***** Records supplied *****
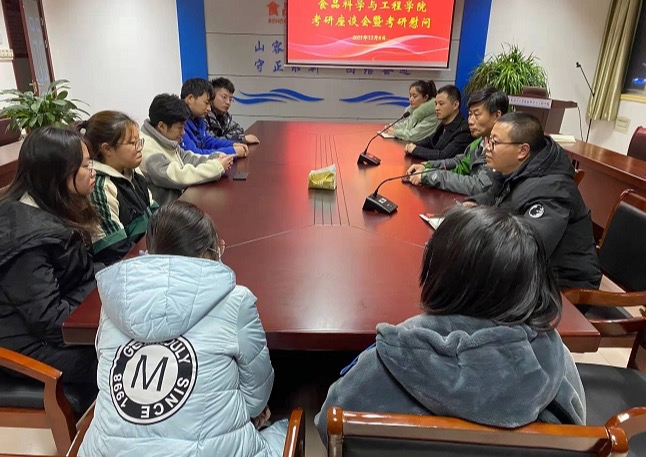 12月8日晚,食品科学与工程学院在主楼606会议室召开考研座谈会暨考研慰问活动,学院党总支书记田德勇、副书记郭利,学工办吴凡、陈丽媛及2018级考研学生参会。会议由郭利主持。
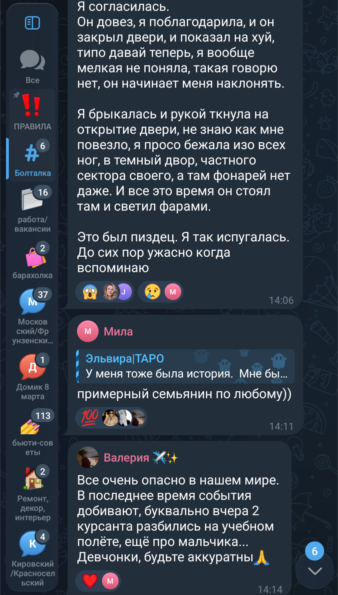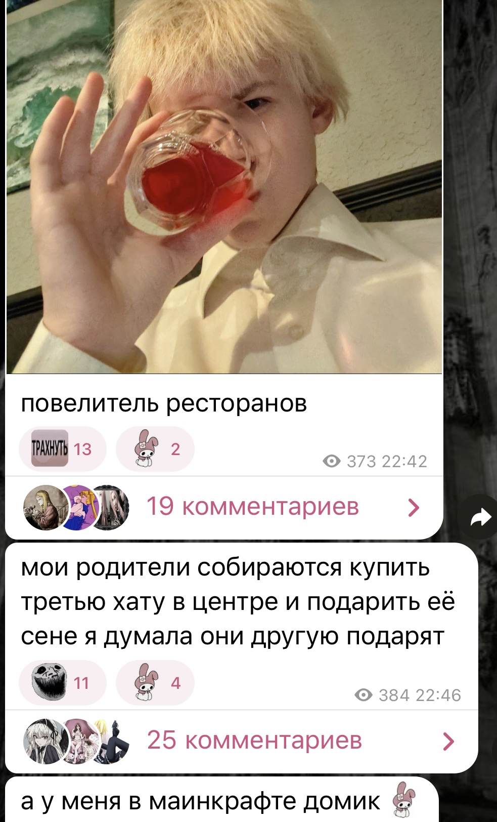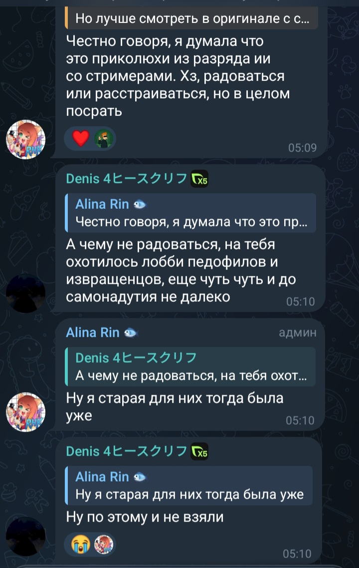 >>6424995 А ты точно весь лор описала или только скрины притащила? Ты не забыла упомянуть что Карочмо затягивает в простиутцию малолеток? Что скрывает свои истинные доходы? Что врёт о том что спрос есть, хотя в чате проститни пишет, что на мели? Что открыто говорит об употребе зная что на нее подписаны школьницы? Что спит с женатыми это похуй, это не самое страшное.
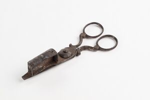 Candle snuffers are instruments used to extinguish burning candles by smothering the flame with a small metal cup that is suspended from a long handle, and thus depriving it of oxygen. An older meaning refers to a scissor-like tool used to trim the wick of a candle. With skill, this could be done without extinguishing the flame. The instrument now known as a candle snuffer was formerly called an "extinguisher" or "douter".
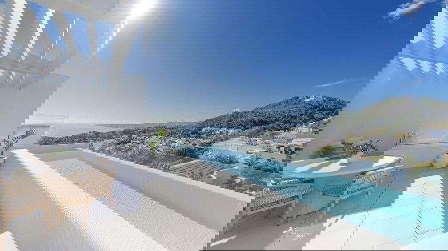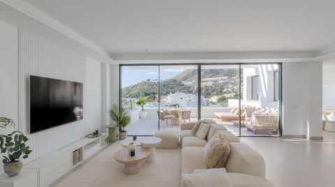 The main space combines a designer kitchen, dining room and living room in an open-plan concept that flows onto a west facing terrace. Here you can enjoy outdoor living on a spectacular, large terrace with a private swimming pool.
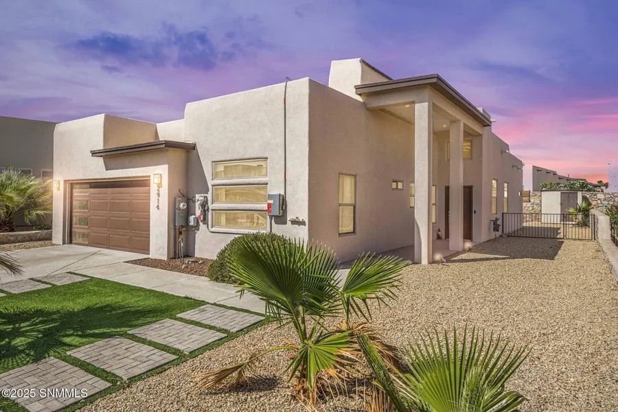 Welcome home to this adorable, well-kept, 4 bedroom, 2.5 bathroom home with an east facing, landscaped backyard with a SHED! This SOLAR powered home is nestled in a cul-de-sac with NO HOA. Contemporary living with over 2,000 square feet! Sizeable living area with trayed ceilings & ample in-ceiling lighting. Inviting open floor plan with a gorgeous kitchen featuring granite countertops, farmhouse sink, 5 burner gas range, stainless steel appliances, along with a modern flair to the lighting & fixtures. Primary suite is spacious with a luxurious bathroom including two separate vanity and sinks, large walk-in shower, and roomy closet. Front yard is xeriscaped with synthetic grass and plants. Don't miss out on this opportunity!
*****
▸ **Brief**
Exactly as written, return every line of the listing, but not the pictures.

▸ **Written reply**
 12月8日晚,食品科学与工程学院在主楼606会议室召开考研座谈会暨考研慰问活动,学院党总支书记田德勇、副书记郭利,学工办吴凡、陈丽媛及2018级考研学生参会。会议由郭利主持。
 >>6424995 А ты точно весь лор описала или только скрины притащила? Ты не забыла упомянуть что Карочмо затягивает в простиутцию малолеток? Что скрывает свои истинные доходы? Что врёт о том что спрос есть, хотя в чате проститни пишет, что на мели? Что открыто говорит об употребе зная что на нее подписаны школьницы? Что спит с женатыми это похуй, это не самое страшное.
 Candle snuffers are instruments used to extinguish burning candles by smothering the flame with a small metal cup that is suspended from a long handle, and thus depriving it of oxygen. An older meaning refers to a scissor-like tool used to trim the wick of a candle. With skill, this could be done without extinguishing the flame. The instrument now known as a candle snuffer was formerly called an "extinguisher" or "douter".
 The main space combines a designer kitchen, dining room and living room in an open-plan concept that flows onto a west facing terrace. Here you can enjoy outdoor living on a spectacular, large terrace with a private swimming pool.
 Welcome home to this adorable, well-kept, 4 bedroom, 2.5 bathroom home with an east facing, landscaped backyard with a SHED! This SOLAR powered home is nestled in a cul-de-sac with NO HOA. Contemporary living with over 2,000 square feet! Sizeable living area with trayed ceilings & ample in-ceiling lighting. Inviting open floor plan with a gorgeous kitchen featuring granite countertops, farmhouse sink, 5 burner gas range, stainless steel appliances, along with a modern flair to the lighting & fixtures. Primary suite is spacious with a luxurious bathroom including two separate vanity and sinks, large walk-in shower, and roomy closet. Front yard is xeriscaped with synthetic grass and plants. Don't miss out on this opportunity!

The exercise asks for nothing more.